= Fantasy Amateur Press Association =

The Fantasy Amateur Press Association or FAPA ("FAP-uh") is science fiction fandom's longest-established amateur press association ("apa"). It was founded in 1937 by Donald A. Wollheim, John B. Michel and others to facilitate the circulation of fanzines. They were inspired to create FAPA by their memberships in some of the non-science fiction amateur press associations, which they learned about from H. P. Lovecraft. (It is also fandom's longest-running organization of any kind, preceding the founding of the runner-up, the National Fantasy Fan Federation, by nearly four years.)

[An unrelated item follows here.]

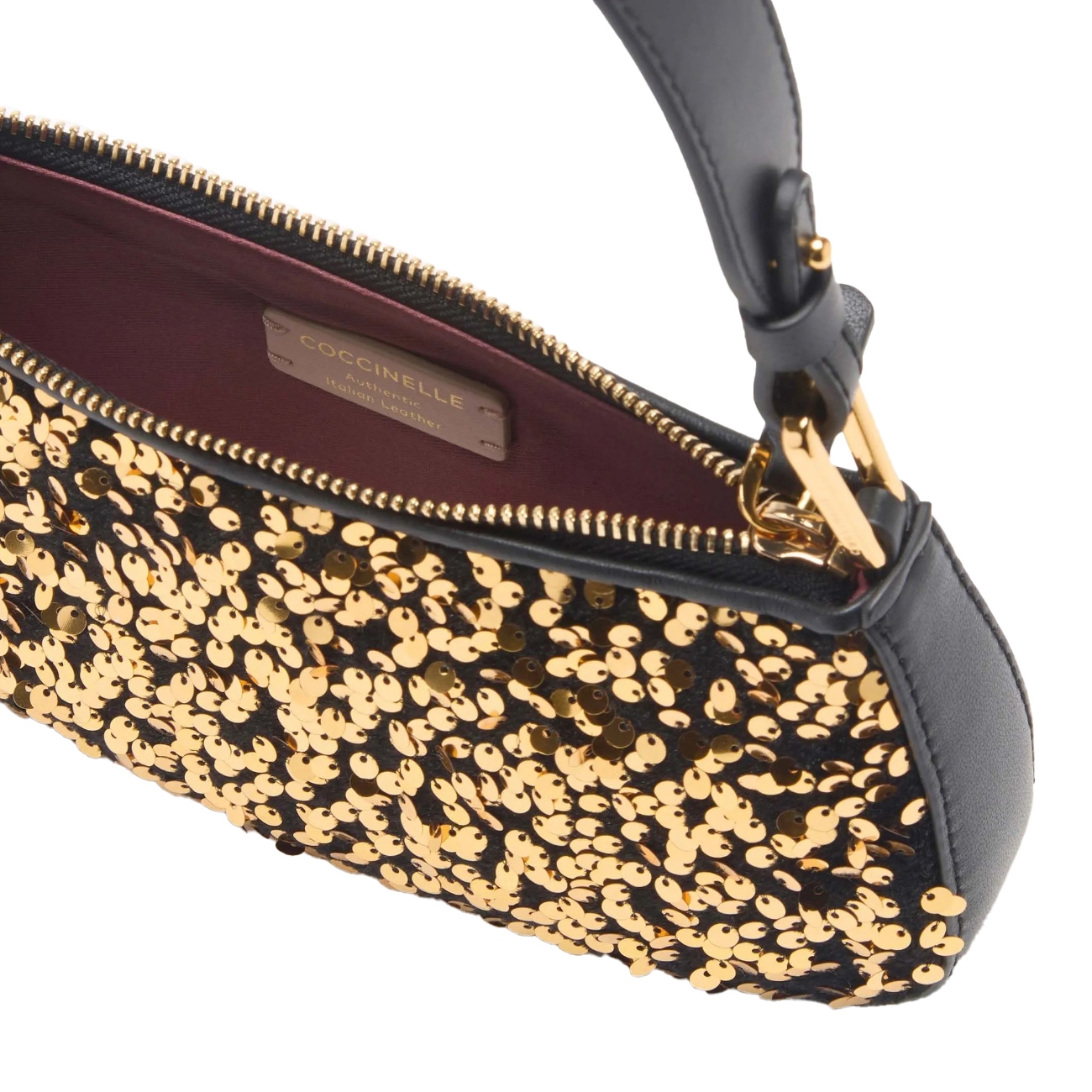 Geanta Merveille Paillettes este accesoriul perfect pentru un look de succes, lăsând o impresie memorabilă datorită designului său elegant și modern. Acoperită cu paiete sclipitoare, geanta adaugă un accent rafinat oricărei ținute, fiind un detaliu glam pentru orice ocazie. Realizată dintr-un mix de materiale premium, cu exterior din 90% piele de vacă și 10% poliester, iar interiorul din bumbac 100%, aceasta îmbină stilul cu durabilitatea.

Like other APAs, FAPA is primarily an agency for distributing to its members publications published by its members at their own expense. FAPA has "mailings" every three months. Members are required to be active in some way — writing or publishing — and produce at least eight pages of activity a year. When needed, there are elections (in August) of a secretary-treasurer and official editor. Other officials have included Official Critics, a Laureate Committee, President, Vice-President, and ballot counters. The first two positions were abandoned by the mid-1940s, and in 2009 the positions of President and Vice-President were also eliminated. The President Emeritus is the author Robert Silverberg, who was the last serving President and who has been an active member of FAPA longer than any other current member. When necessary, a teller for the annual officer elections was appointed by the secretary-treasurer.

FAPA's original constitutional limit was 50 members to accommodate publishers using hectographs. There were 21 members listed on the roster of the first mailing in August 1937; it took until the November 1938 mailing to fill the 50-member roster. The membership limit was raised to 65 in 1943 and has remained at that level ever since.

The early years of FAPA were stormy with party politics and sociological feuds (as recounted in the late Jack Speer's pioneering fan history, Up to Now). In 1947, Speer reformed the constitution, and the Insurgents quashed the last inactive OE, Elmer Perdue. Since then official troubles have mostly not disturbed FAPA, and red tape has been held to a minimum. The constitution was again revised in 1958 (also by Speer) to incorporate amendments, bylaws, and practices adopted since 1947. Another major revision occurred in 2001 under the oversight of Robert Lichtman (Secretary-Treasurer since 1986 and still holding that office), clarifying and conforming constitutional requirements with actual practice.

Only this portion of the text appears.